There have been quite a few changes in lblnet-2.6_testing since 2.6.24-rc6-mm1
so I would recommend taking the whole tree. I'm also not quite sure if
simply reverting the "Convert the netif code to use ifindex values" patch
would solve the problem as there are other patches in the rc6-mm1 tree that
rely on skb->iif being valid (new code, not converted code). If you want to
stick with a _relatively_ vanilla rc6-mm1 tree I would leave everything in
and simply apply the following patch which solved the skb_clone()/iif
problem:

http://git.infradead.org/?p=users/pcmoore/lblnet-2.6_testing;a=commitdiff;h=02f1c89d6e36507476f78108a3dcc78538be460b

--
paul moore
linux security @ hp

2008-01-14 19:37:54

by Valdis Klētnieks

[permalink] [raw]
Subject: Re: 2.6.24-rc6-mm1 - oddness with IPv4/v6 mapped sockets hanging...

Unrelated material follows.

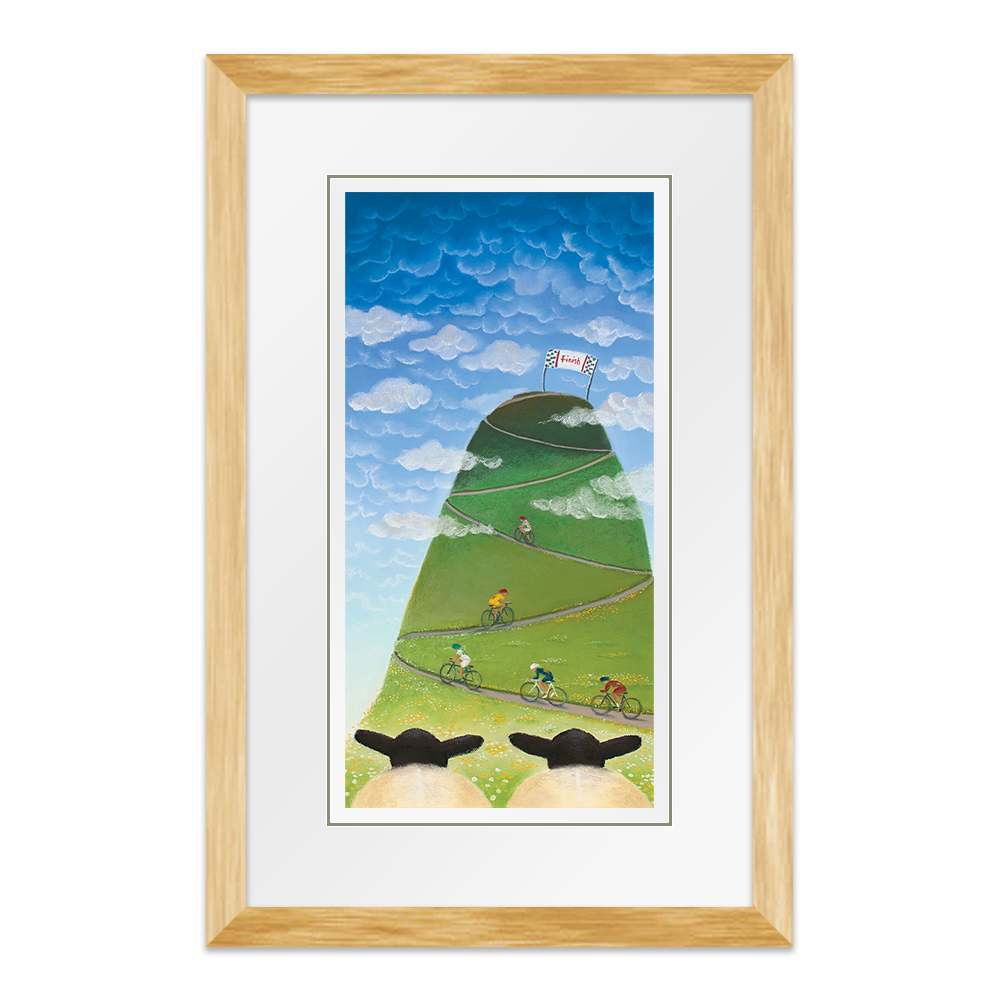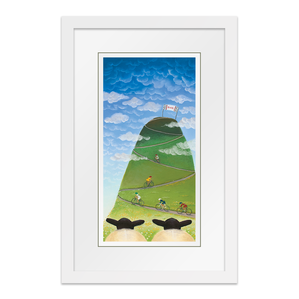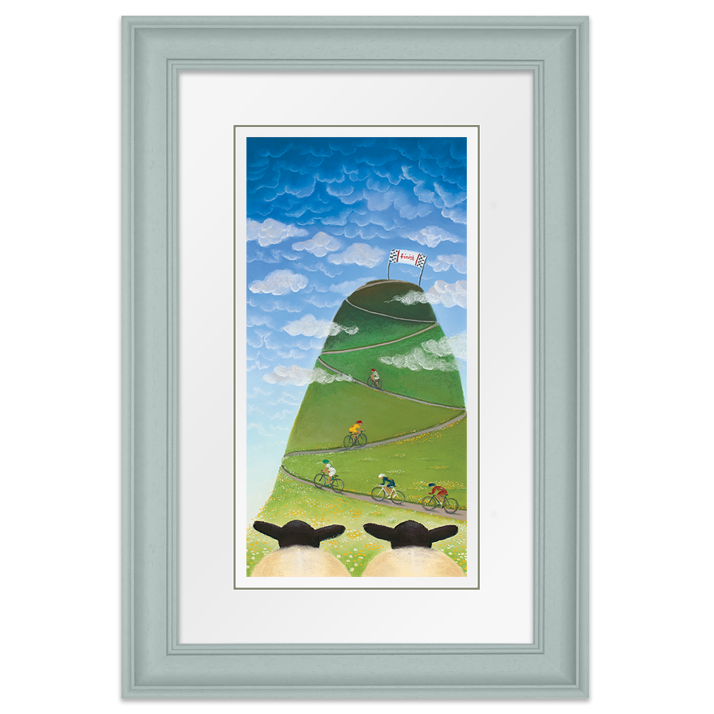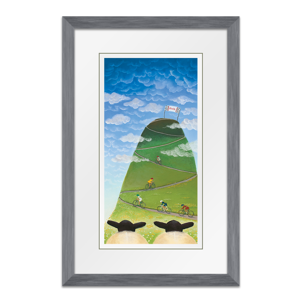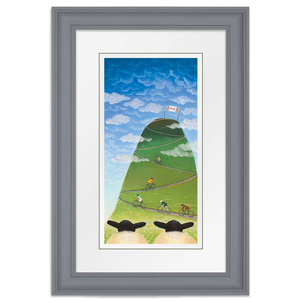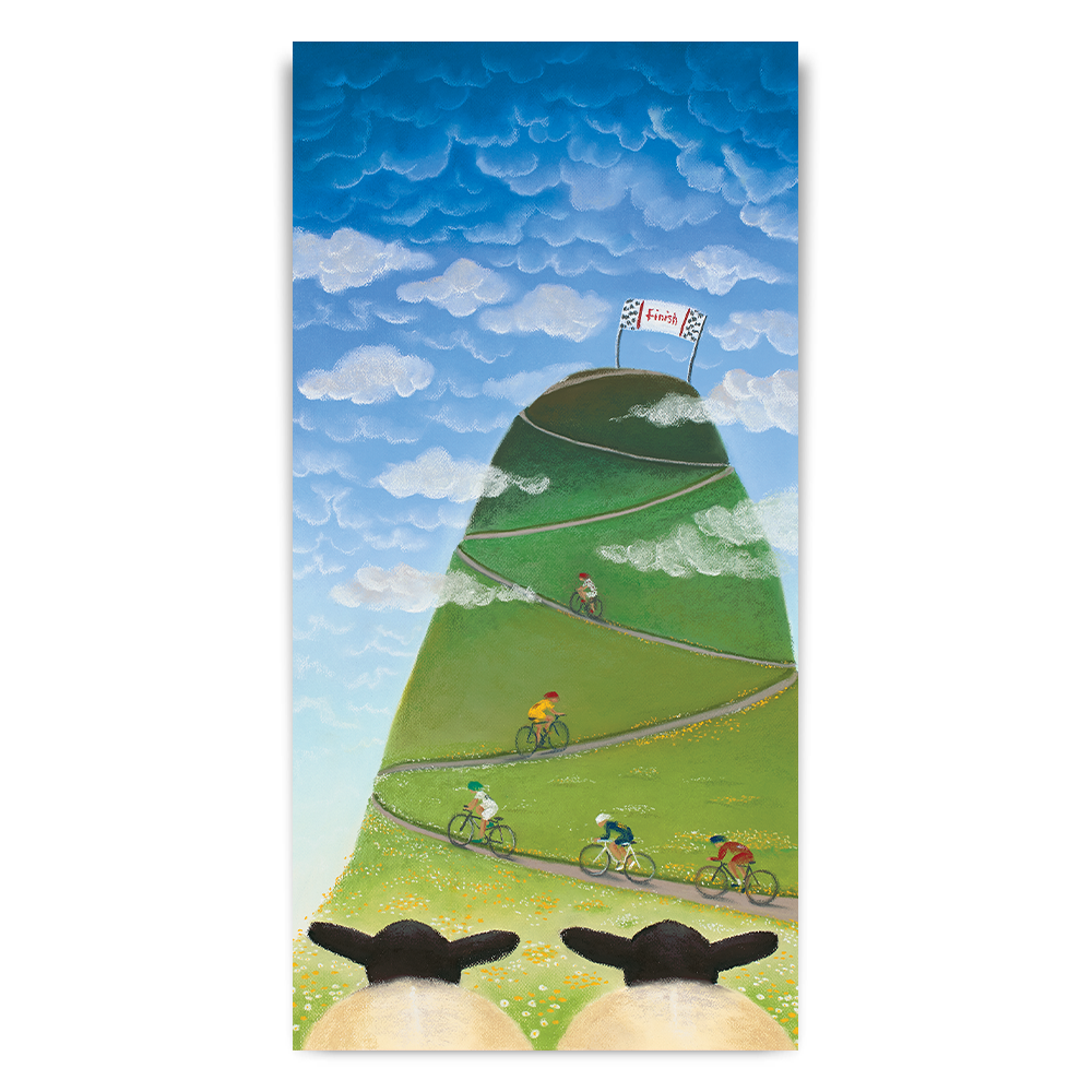 It’s a monstrous hill and those crazy cyclists are determined to get to the top, to the finish point. The sheep below are the smart ones, simply taking in the view and enjoying watching their efforts!

On Mon, 14 Jan 2008 14:07:46 EST, Paul Moore said:
> There have been quite a few changes in lblnet-2.6_testing since 2.6.24-rc6-mm1
> so I would recommend taking the whole tree. I'm also not quite sure if

Weird. I did a 'git clone git://git.infradead.org/users/pcmoore/lblnet-2.6_testing'
into a new directory this morning, and doing a 'git log' against that only
showed the one added commit:

commit 5d95575903fd3865b884952bd93c339d48725c33
Author: Paul Moore <[email protected]>
Date: Wed Jan 9 15:30:23 2008 -0500

SELinux: Add warning messages on network denial due to error

Currently network traffic can be sliently dropped due to non-avc errors which
can lead to much confusion when trying to debug the problem. This patch adds
warning messages so that when these events occur there is a user visible
notification.

Signed-off-by: Paul Moore <[email protected]>

commit 9259ca5fd8b9fbdd2c3edade593dead905d8391e
Author: Paul Moore <[email protected]>
Date: Wed Jan 9 15:30:23 2008 -0500

SELinux: Add network ingress and egress control permission checks
(already in 24-rc6-mm1).

Somebody please tell me it's my git-idiocy..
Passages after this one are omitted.